What needs to be done
If an entry below contains an image, drop the image and retype the rest exactly.

Recorded data
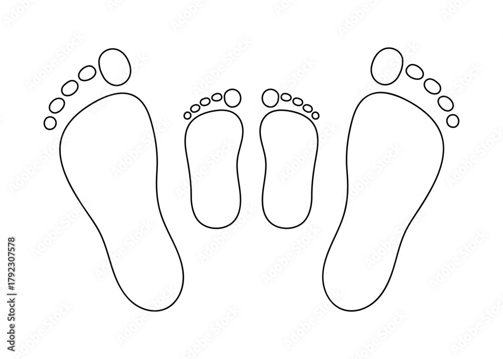 Footprint, leg silhouette adult person and child doodle line drawing. Hand drawn outline bare foot. Vector isolated illustration #1792307578
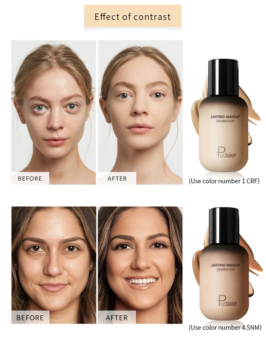 Be the first to review “40ML Face Liquid Foundation Full Concealer Makeup Waterproof Base Brighten Whitening Cover Dark Circle Matte Foundation Cosmetic”
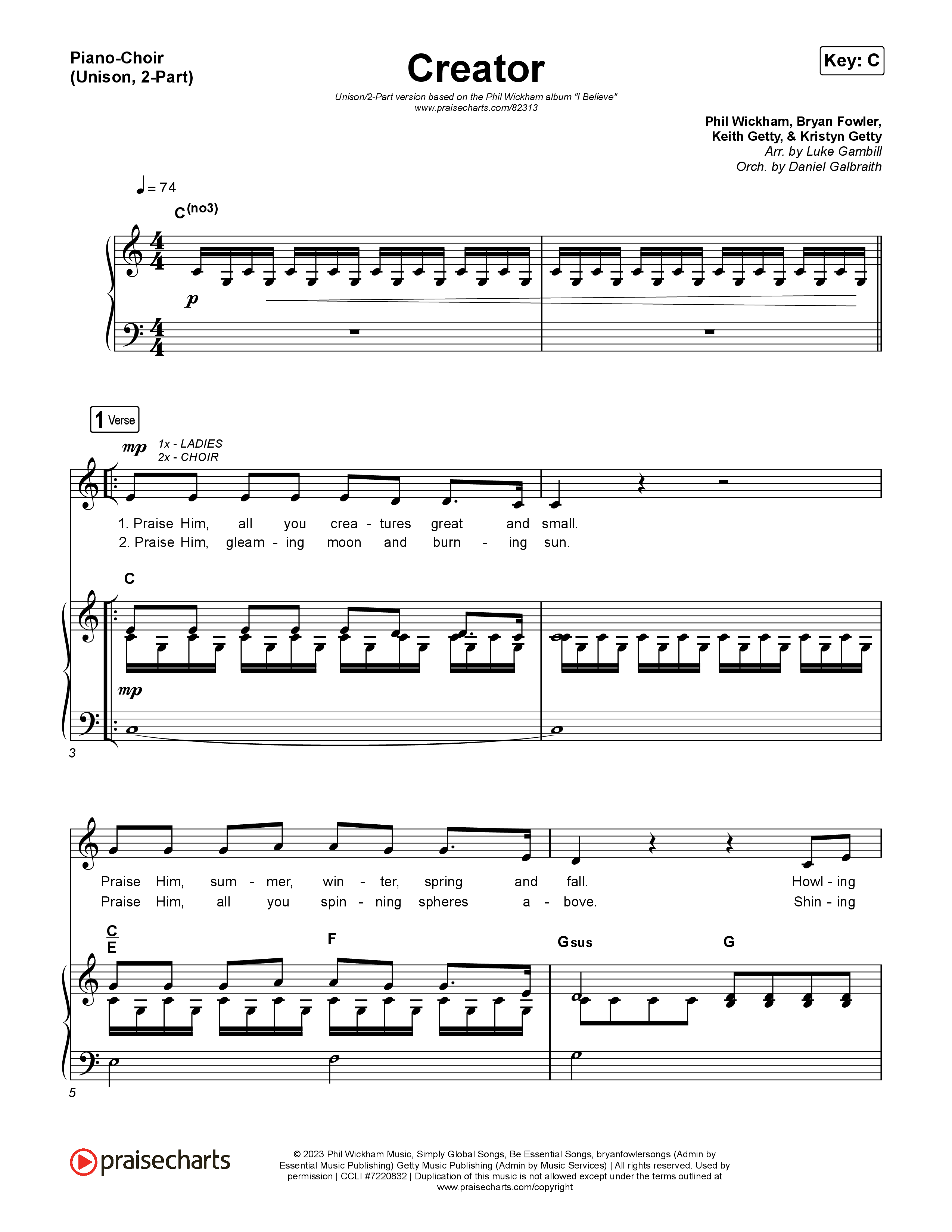 Download the PDF sheet music for Creator (Unison/2-Part) by Phil Wickham, from the album I Believe. This song was arranged by Daniel Galbraith in the key of C.
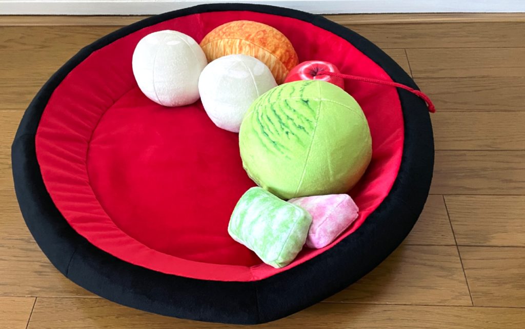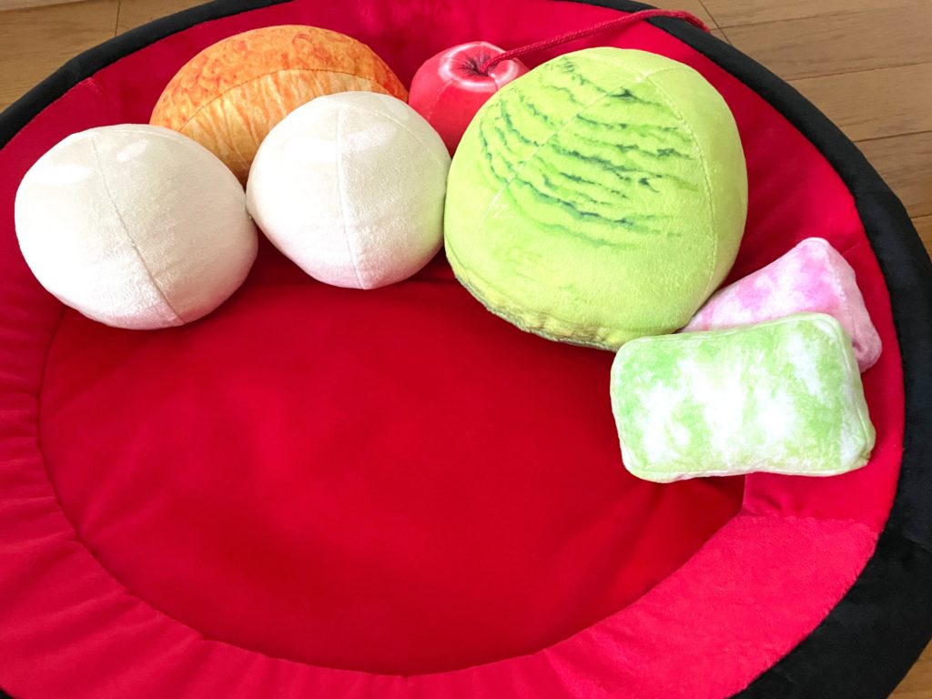 お餅やみかんのクッションは布地も縫い目もしっかりしています。
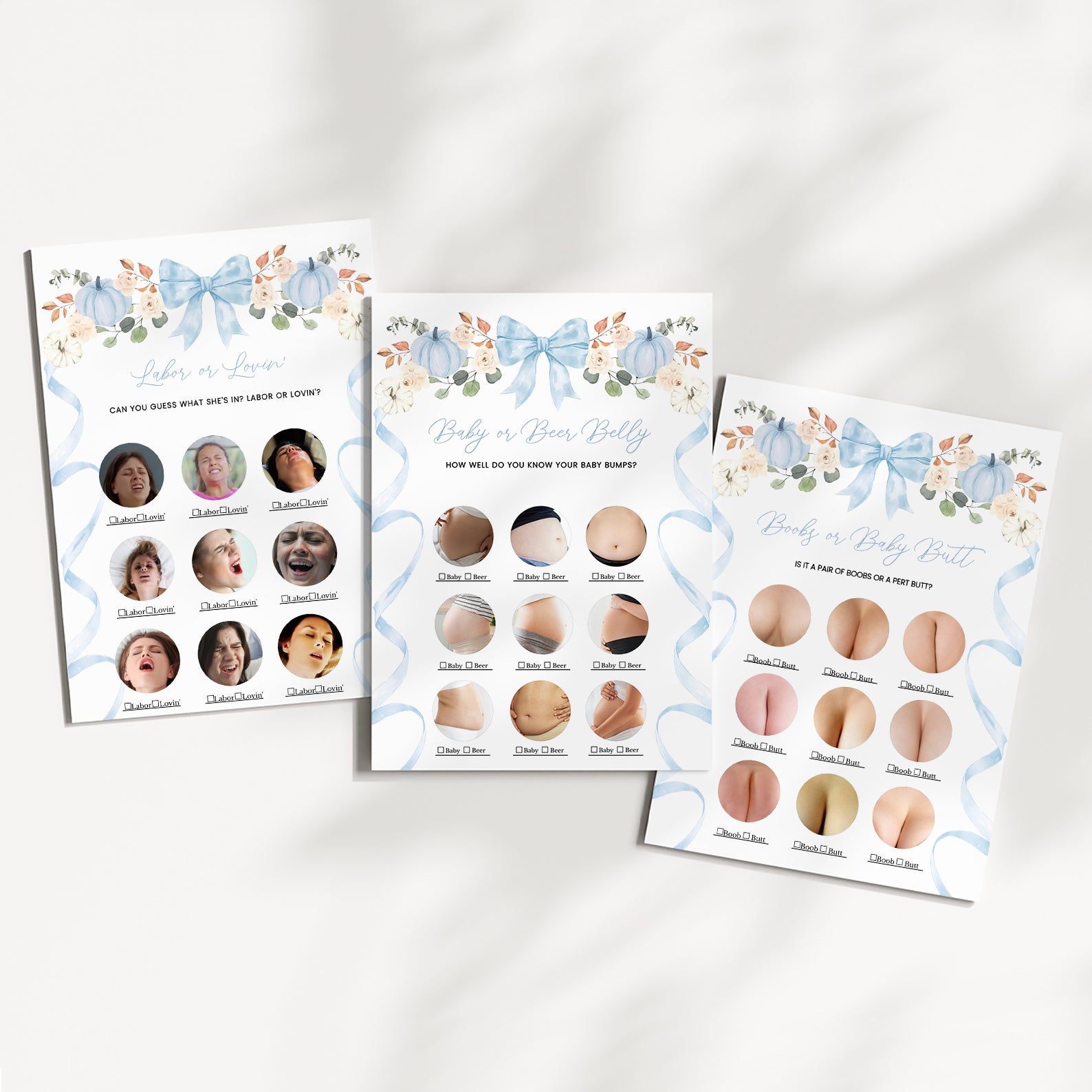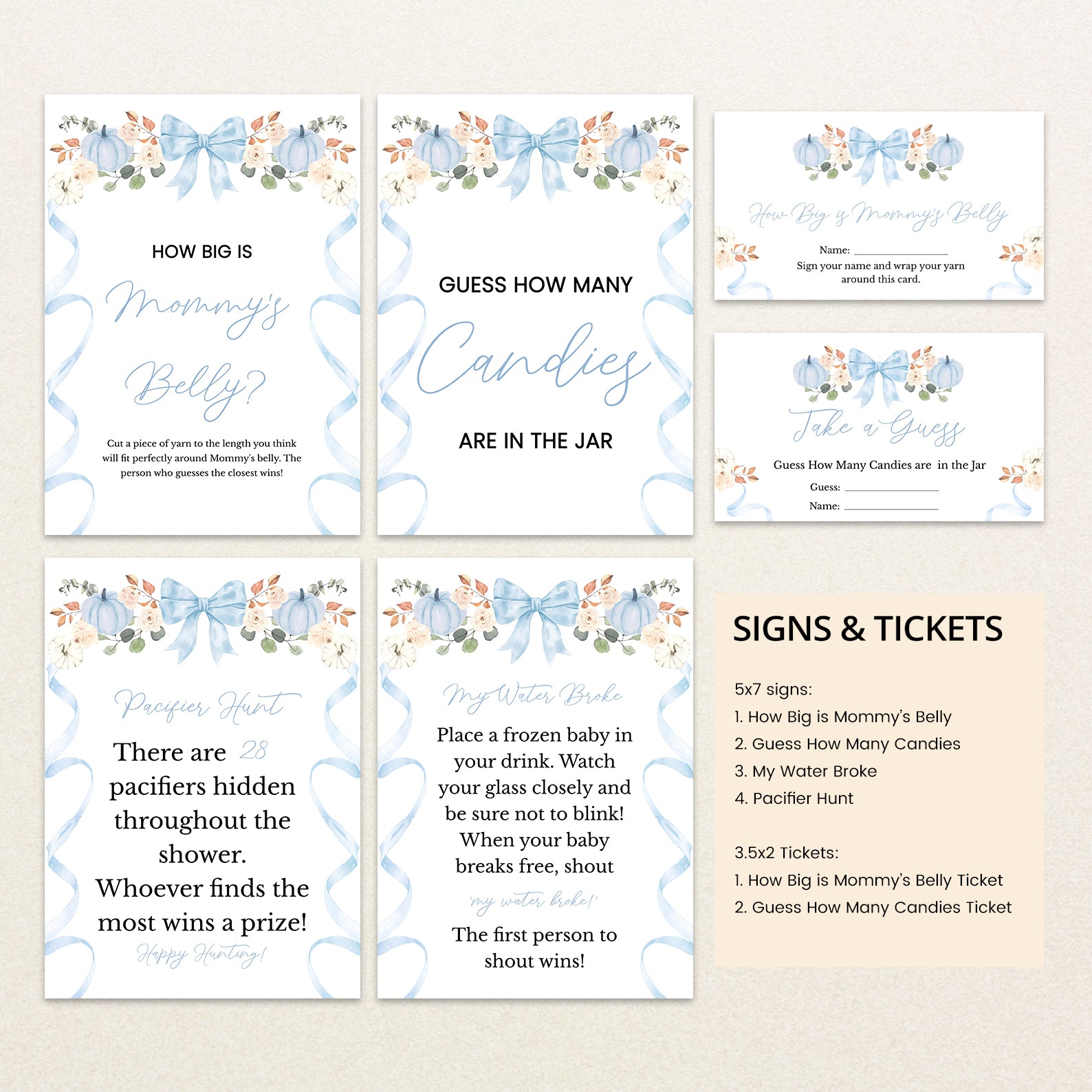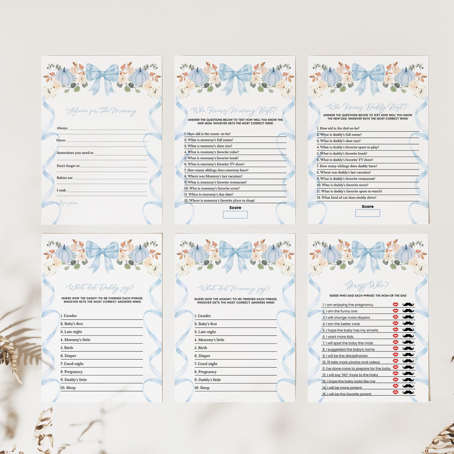 - Purchase this Fall Baby Shower Game Bundle: Blue Ribbon Frame with Pumpkin & Florals template

Response
 Footprint, leg silhouette adult person and child doodle line drawing. Hand drawn outline bare foot. Vector isolated illustration #1792307578
 Be the first to review “40ML Face Liquid Foundation Full Concealer Makeup Waterproof Base Brighten Whitening Cover Dark Circle Matte Foundation Cosmetic”
 Download the PDF sheet music for Creator (Unison/2-Part) by Phil Wickham, from the album I Believe. This song was arranged by Daniel Galbraith in the key of C.
 お餅やみかんのクッションは布地も縫い目もしっかりしています。
 - Purchase this Fall Baby Shower Game Bundle: Blue Ribbon Frame with Pumpkin & Florals template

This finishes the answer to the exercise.